START ENTRIES SHOWN
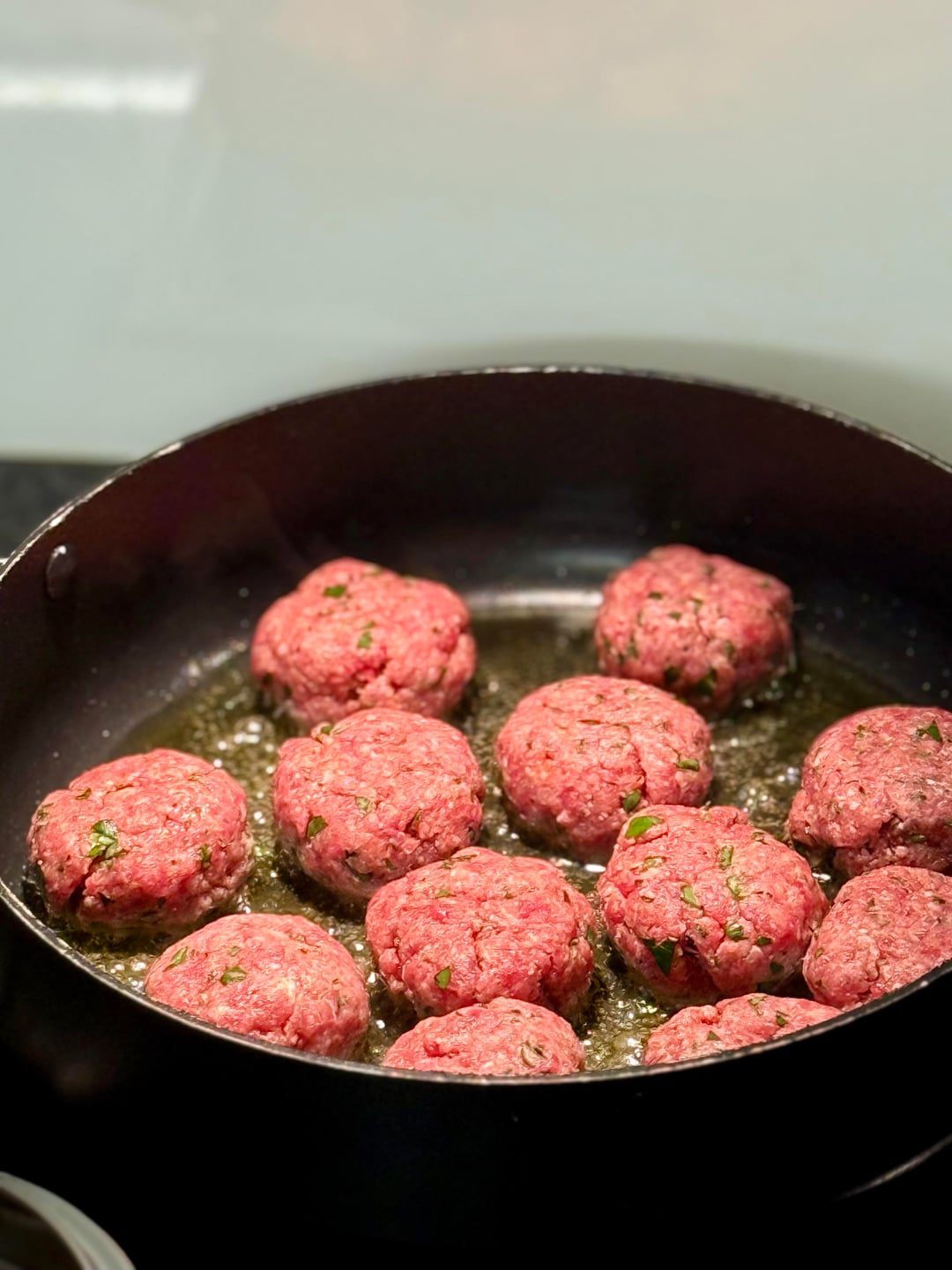500g minced meat (2/3 beef, 1/3 pork); 60g breadcrumbs; 80g grated parmigiano; 1 medium egg, parsley, salt and pepper. Mix in a bowl, refrigerate for 30 mins. Form balls. And fry in olive oil for about 7 mins.
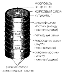 Кератин в волосе образует длинные цепочки, которые упакованы витками, как в пружинках. Витки удерживаются поперечными связями между цепочками. Это дисульфидные мостики, солевые мостики и водородные связи. Два последних вида связей относительно слабые и легко разрываются, в результате чего «пружинки» распрямляются: именно это происходит в процессе завивки волос. Обычная спиральная форма кератина называется альфа-кератином; в процессе вытягивания, укладывания и сушки он трансформируется в бета-кератин. Такое изменение - временное. Как только волос намокнет или постепенно впитает определенное количество влаги из воздуха, кератин вернется в состояние альфа. Дисульфидные мостики гораздо прочнее, но и на них можно воздействовать, что и происходит во время перманентной завивки.
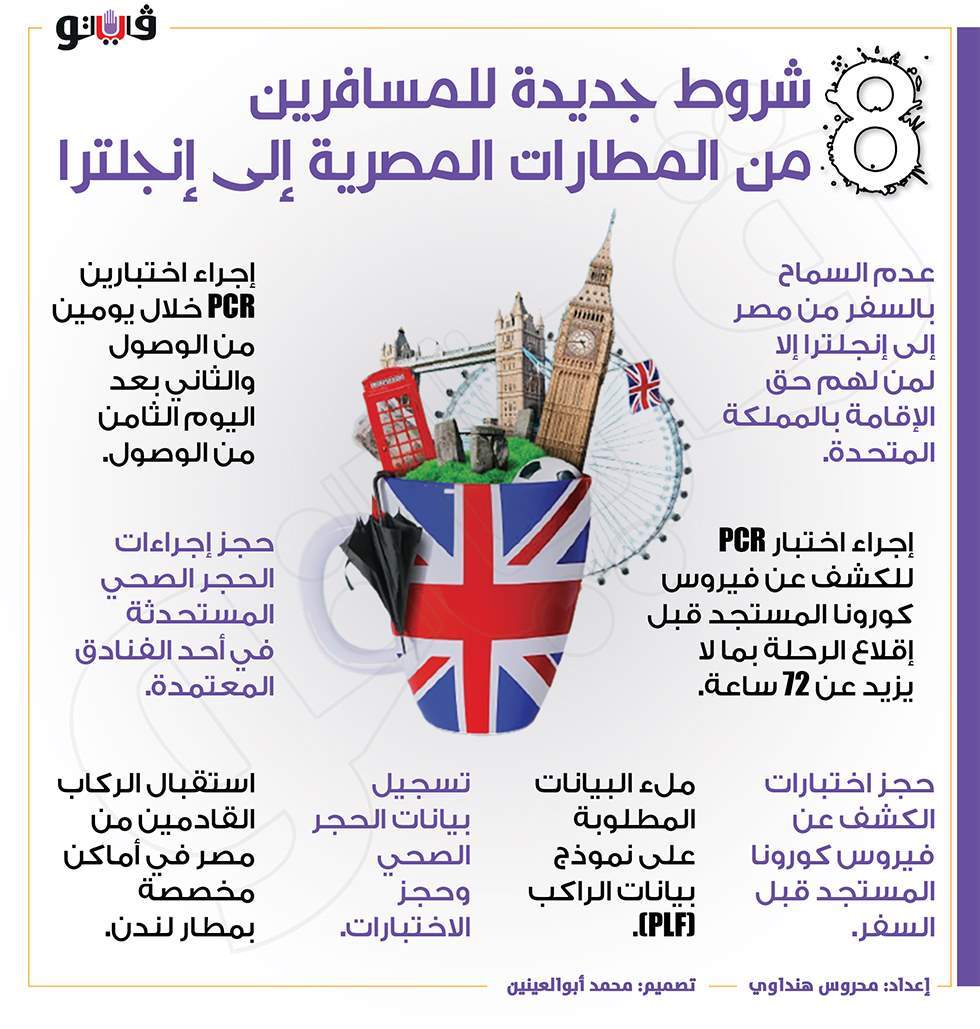 شروط جديدة للمسافرين من المطارات المصرية إلى إنجلترا | إنفوجراف
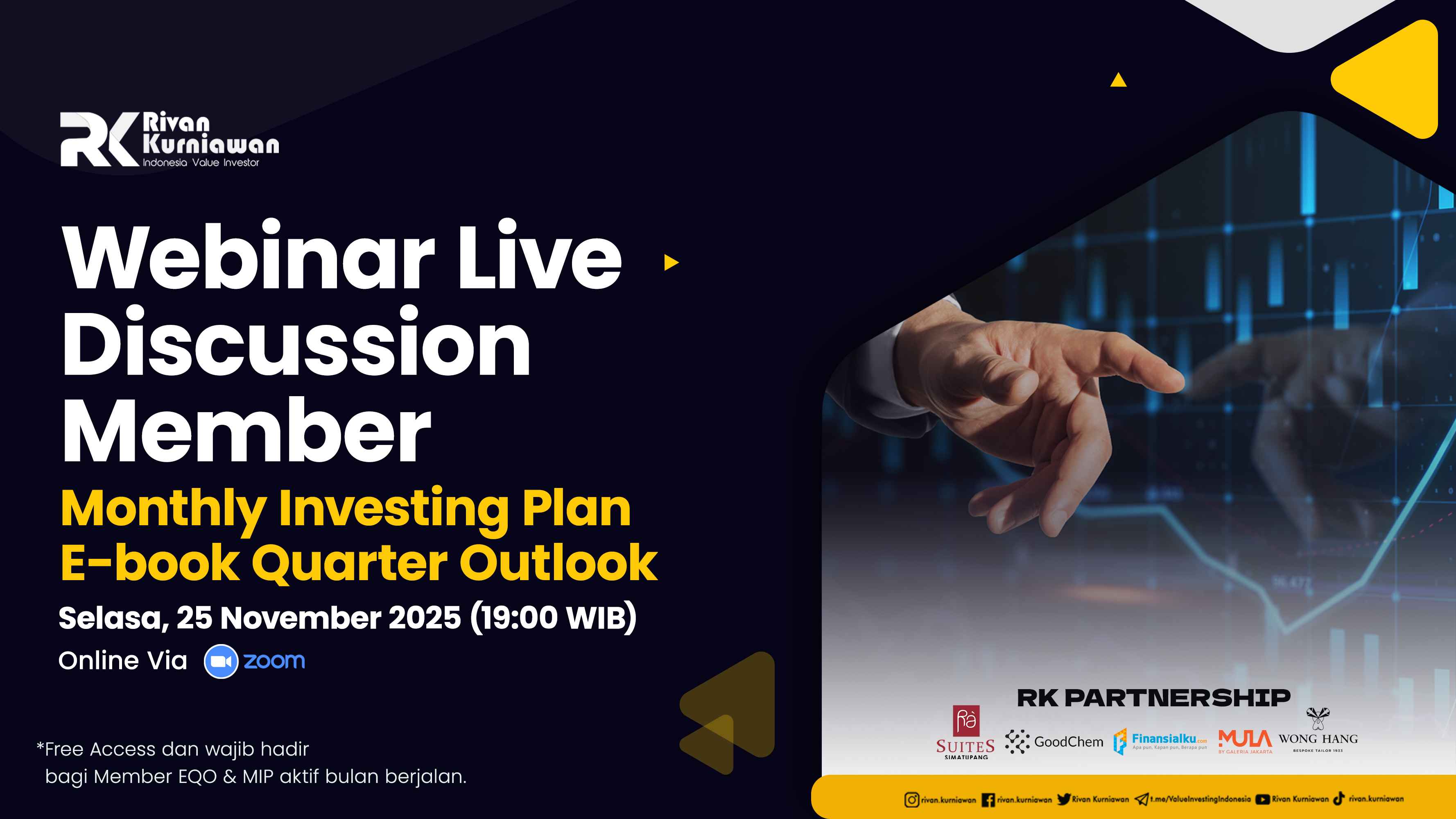 3. Webinar Exclusive, seperti Webinar Bedah Emiten dan Market Insight yang diadakan oleh RK Team secara berkala baik secara online maupun offline.
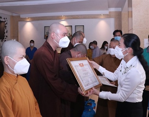 | Phan Kiêu Thanh Huong, vice-présidente du Comité du Front de la Patrie du Vietnam de Hô Chi Minh-Ville honore les volontaires religieux ayant participé au programme de soutien aux forces en première ligne dans la lutte contre le COVID-19. |
END ENTRIES SHOWN
REQUIREMENT :: In the data above, find the line containing "3. Webinar Exclusive, seperti", then output it and every later line exactly, without the pictures.

RESULT FOR THIS EXERCISE ::
 3. Webinar Exclusive, seperti Webinar Bedah Emiten dan Market Insight yang diadakan oleh RK Team secara berkala baik secara online maupun offline.
 | Phan Kiêu Thanh Huong, vice-présidente du Comité du Front de la Patrie du Vietnam de Hô Chi Minh-Ville honore les volontaires religieux ayant participé au programme de soutien aux forces en première ligne dans la lutte contre le COVID-19. |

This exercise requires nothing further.